Lieutenant-General Sir William Raine Marshall  (29 October 1865 – 29 May 1939) was a British Army officer who in November 1917 succeeded Sir Frederick Stanley Maude (upon the latter's death from cholera) as Commander-in-Chief of the British forces in Mesopotamia. He kept that position until the end of the First World War.

Biography
Marshall was born in the village of Stranton, near Hartlepool, County Durham. He was the younger son of a solicitor, William Marshall, and his wife, Elizabeth Raine.

He first went to Repton School and then Royal Military College, Sandhurst. He received a commission into the Sherwood Foresters in 1886, after which he served on the Malakand expedition, on the North West Frontier and on the Tirah expedition before fighting in the Second Boer War. Following the end of the war, in late May 1902, Marshall received a brevet promotion to lieutenant-colonel in the South African Honours list published on 26 June 1902.
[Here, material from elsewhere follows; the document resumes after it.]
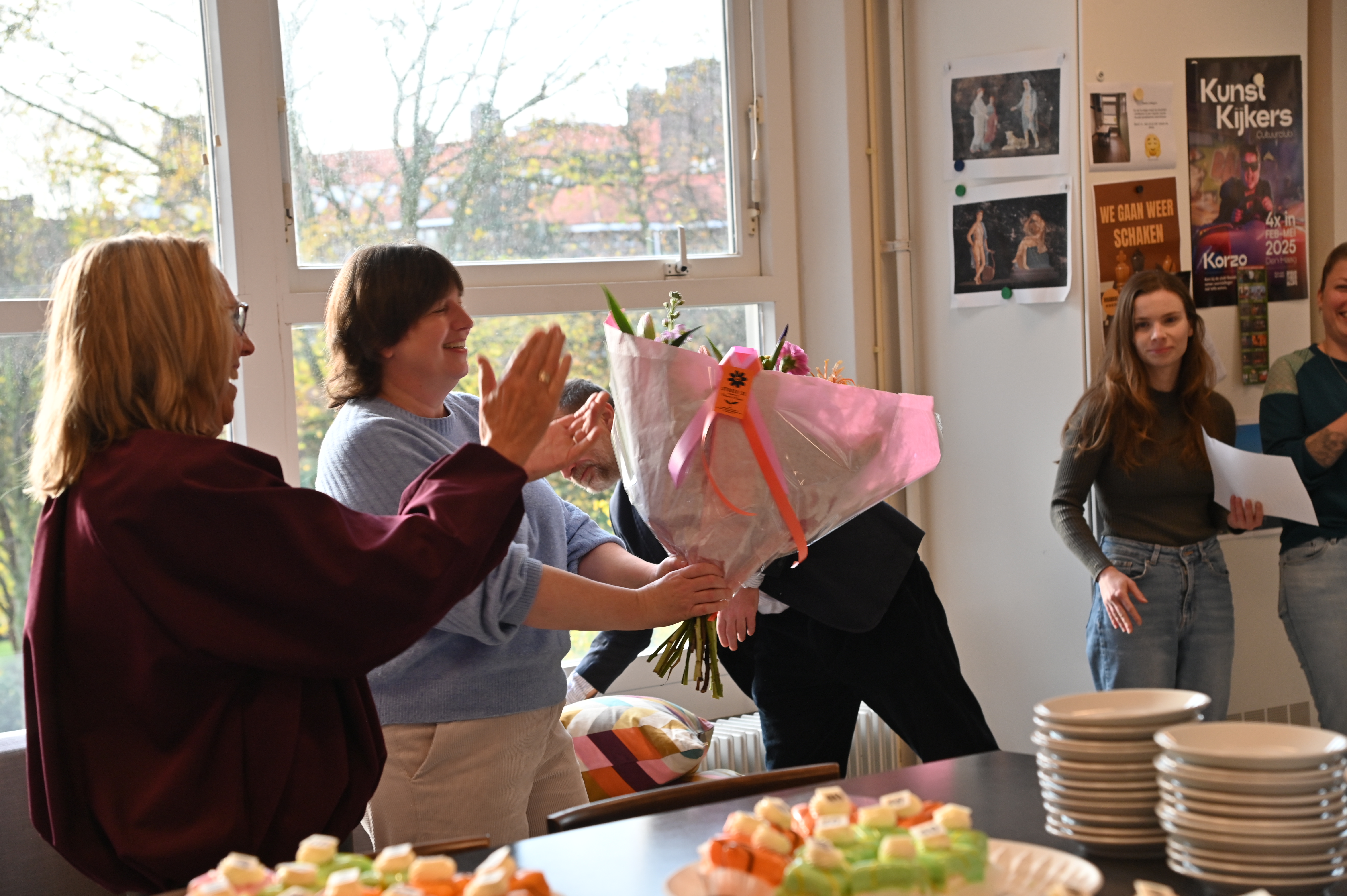 Vandaag hebben we gevierd dat Joke Hagoort veertig jaar op Sorghvliet werkt. In die jaren heeft ze vele rollen vervuld. De voornaamste vervult ze nog steeds met veel élan: docent Nederlands en conrector. Er was dus alle reden voor taart; en alle reden om haar met z'n allen toe te zingen. Dat hebben we gedaan. Lang leve Joke Hagoort.

Commanding Officer of 1st Battalion Sherwood Foresters on the Western Front during 1914–15, Marshall was then posted to command 87th brigade of 29th Division in the ill-fated expedition to Gallipoli, during which he received a promotion to Major-General in June 1915.

A series of divisional commands followed: 42nd, 29th, and 53rd, before he was posted to Salonika with 27th Division, and then with III (Indian) Corps on the Mesopotamian Front. It was while commanding III Corps that Marshall participated in the capture of Kut-al-Amara in February 1917, and in the capture of Baghdad the following month.

With Sir Frederick Maude's death as Commander-in-Chief from cholera (most probably from contaminated milk), the hugely popular commander was replaced by the careful and meticulous Marshall, appointed by Sir William Robertson at the War Office in London, the latter determined to scale back operations in Mesopotamia.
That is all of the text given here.